START Data for analysis
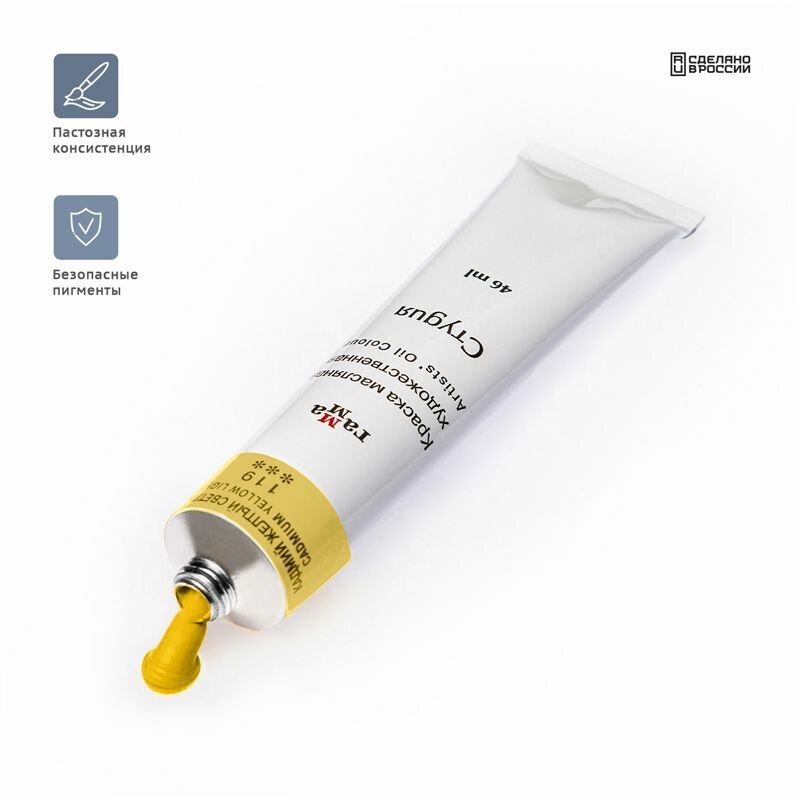 10 цен на 6 шт - Краска масляная художественная Гамма "Студия", 46мл, туба, кадмий желтый светлый (имит.)
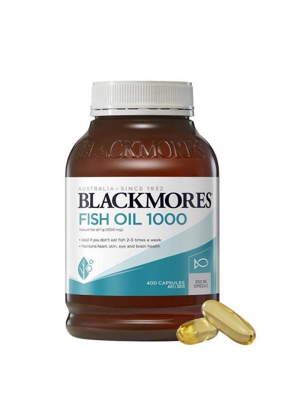 Description Blackmores Fish Oil 1000 provides a high-quality natural source of omega-3. It contains 300 mg of omega-3 per capsule to support heart, skin, eye and brain health and is ideal if you don’t eat fish 2-3 times per week. Ingredients Fish oil (natural) 1 g (1000 mg) containing omega-3 marine triglycerides 300 mg Suggested Use For heart, skin and general health:Adults - Take 2 capsules a day with a meal, or as professionally prescribedFor brain and eye health:Adults - Take 3 capsules a day with a meal, or as professionally prescribed For healthy growth and development in children:Children 1+ years - Take 2 capsules a day (ages 1 - 12 years, pierce or squeeze into milk, juice or cereal) Children under 1 year - Only as professionally prescribed Additional Product Information Warning: High doses of fish oil (10 or more capsules per day) may increase the risk of bleeding with blood-thinning medications and should not be taken in the week before surgery Vitamin supplements should not replace a balanced diet Always read the label Use only as directed Supplements may only be of assistance if dietary intake is inadequate Contains fish, sulphites and soya bean products If you have any pre-existing conditions, or are on any medications always talk to your health professional before use Some products should be ceased at least two weeks before any elective surgery, please confirm with your health professional
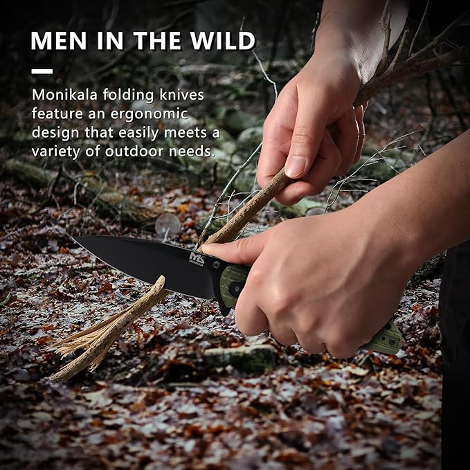 - [Smooth One-Handed Operation]: Equipped with ceramic ball bearings and a liner lock mechanism, the Monikala Folding Knife allows for fast and secure one-handed opening and closing, enabling quick deployment in various situations.
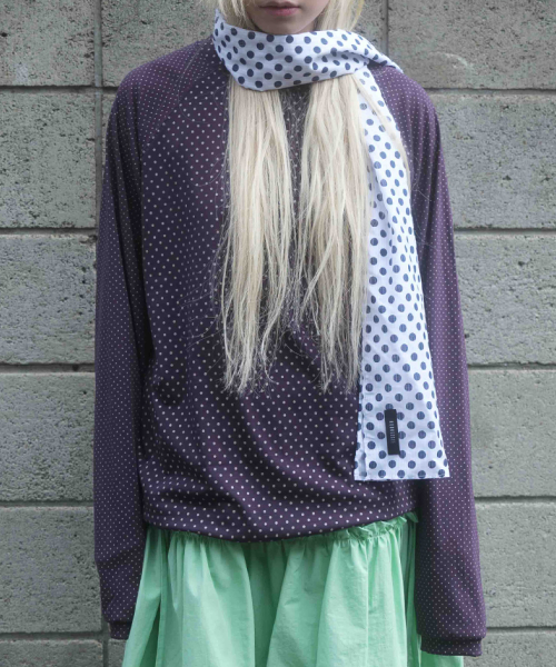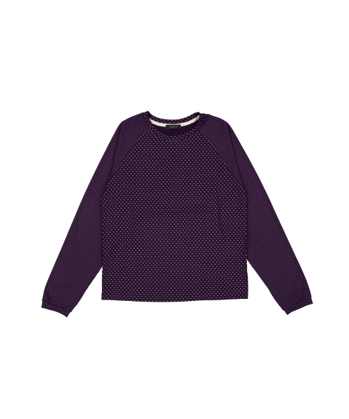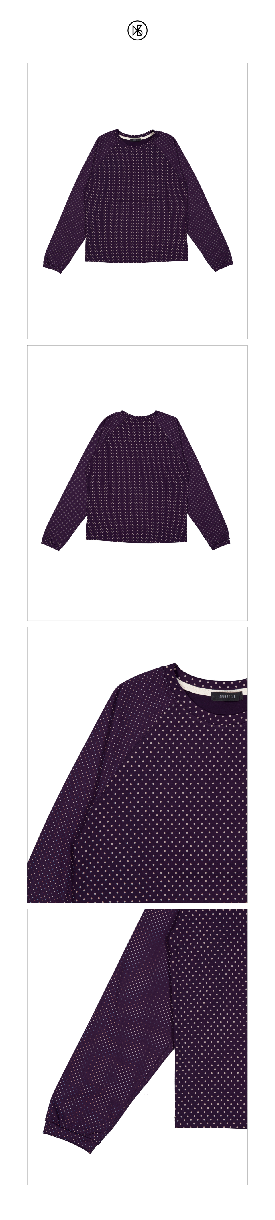 -두가지 사이즈 도트 패턴 배색 래글런 티셔츠
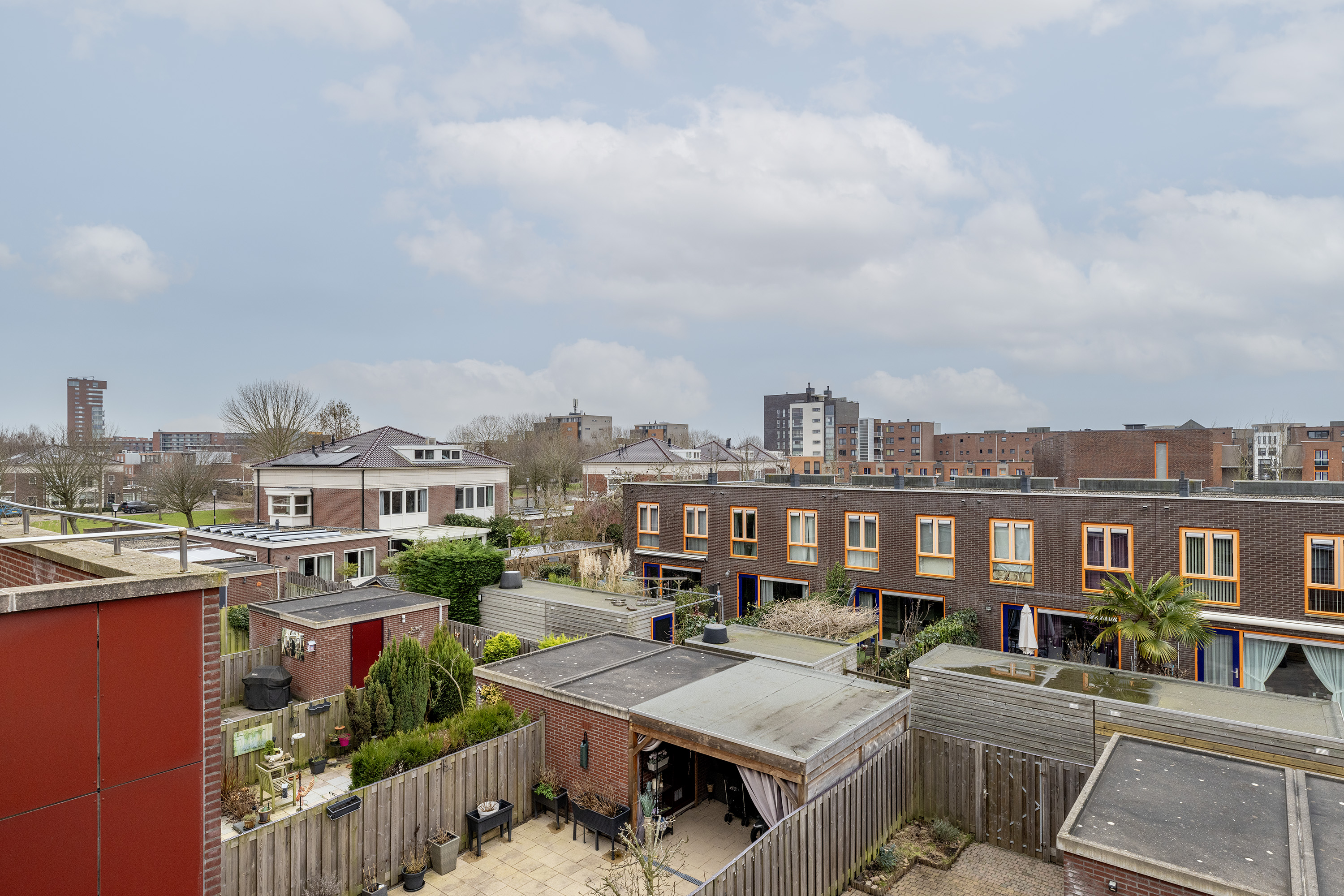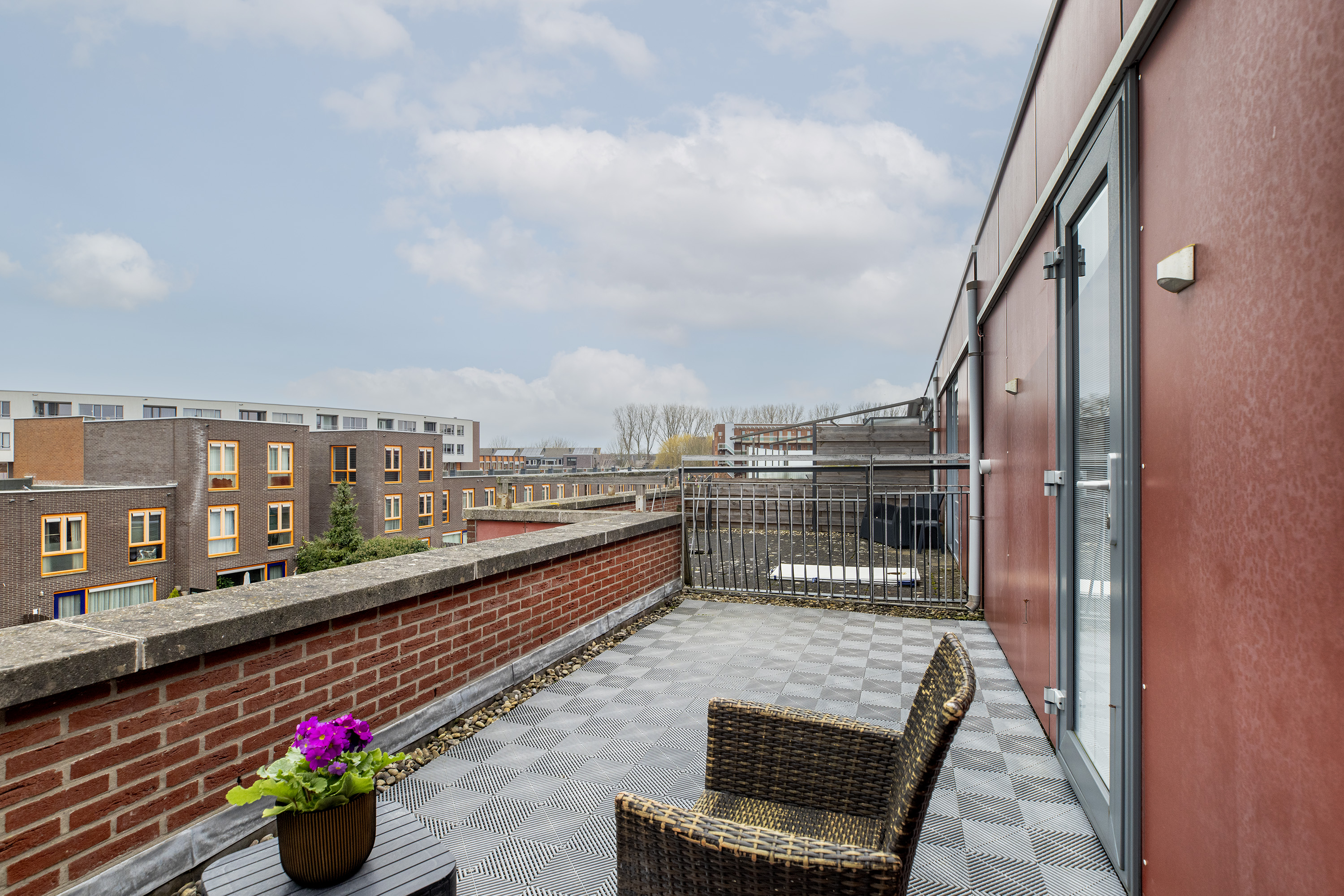 Via de vernieuwde kunststof pui is er toegang tot het dakterras – een heerlijke extra buitenruimte met volop privacy.
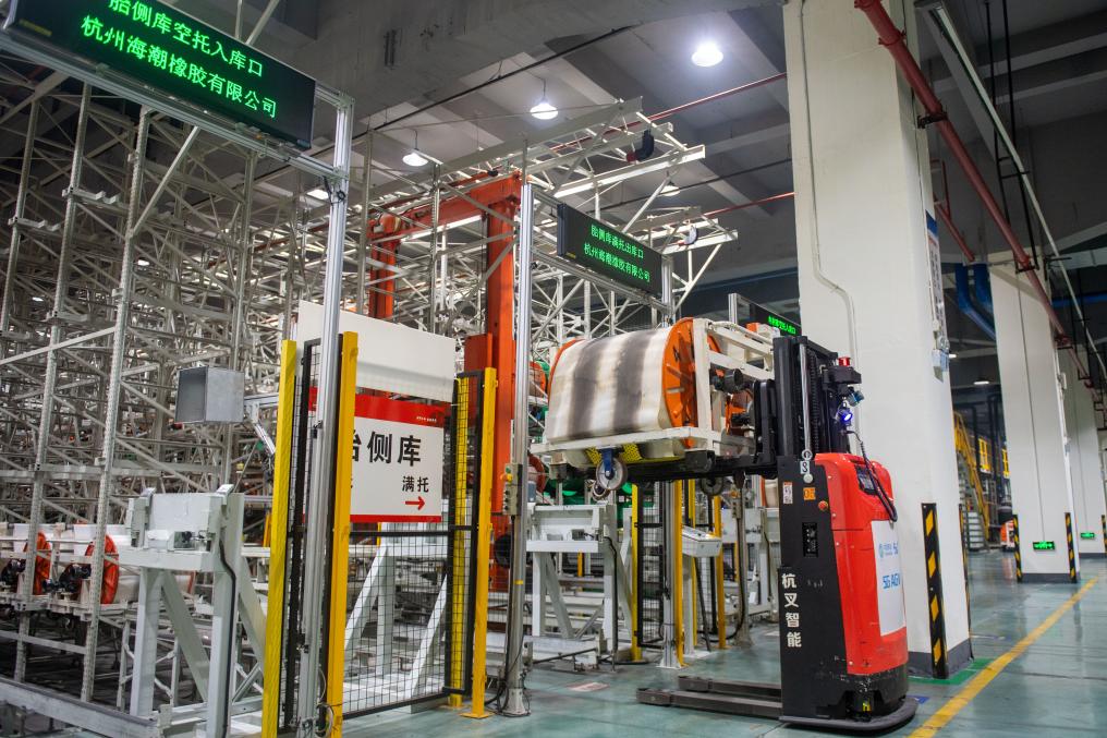 在杭州市錢(qián)塘區(qū)中策橡膠集團(tuán)股份有限公司未來(lái)工廠內(nèi),無(wú)人叉車(chē)在運(yùn)輸產(chǎn)品(2024年2月23日攝)。新華社記者 江漢 攝
END Data for analysis
§ **Exercise prompt**: Print every record above exactly, but no pictures.

§ **Response box**:
 10 цен на 6 шт - Краска масляная художественная Гамма "Студия", 46мл, туба, кадмий желтый светлый (имит.)
 Description Blackmores Fish Oil 1000 provides a high-quality natural source of omega-3. It contains 300 mg of omega-3 per capsule to support heart, skin, eye and brain health and is ideal if you don’t eat fish 2-3 times per week. Ingredients Fish oil (natural) 1 g (1000 mg) containing omega-3 marine triglycerides 300 mg Suggested Use For heart, skin and general health:Adults - Take 2 capsules a day with a meal, or as professionally prescribedFor brain and eye health:Adults - Take 3 capsules a day with a meal, or as professionally prescribed For healthy growth and development in children:Children 1+ years - Take 2 capsules a day (ages 1 - 12 years, pierce or squeeze into milk, juice or cereal) Children under 1 year - Only as professionally prescribed Additional Product Information Warning: High doses of fish oil (10 or more capsules per day) may increase the risk of bleeding with blood-thinning medications and should not be taken in the week before surgery Vitamin supplements should not replace a balanced diet Always read the label Use only as directed Supplements may only be of assistance if dietary intake is inadequate Contains fish, sulphites and soya bean products If you have any pre-existing conditions, or are on any medications always talk to your health professional before use Some products should be ceased at least two weeks before any elective surgery, please confirm with your health professional
 - [Smooth One-Handed Operation]: Equipped with ceramic ball bearings and a liner lock mechanism, the Monikala Folding Knife allows for fast and secure one-handed opening and closing, enabling quick deployment in various situations.
 -두가지 사이즈 도트 패턴 배색 래글런 티셔츠
 Via de vernieuwde kunststof pui is er toegang tot het dakterras – een heerlijke extra buitenruimte met volop privacy.
 在杭州市錢(qián)塘區(qū)中策橡膠集團(tuán)股份有限公司未來(lái)工廠內(nèi),無(wú)人叉車(chē)在運(yùn)輸產(chǎn)品(2024年2月23日攝)。新華社記者 江漢 攝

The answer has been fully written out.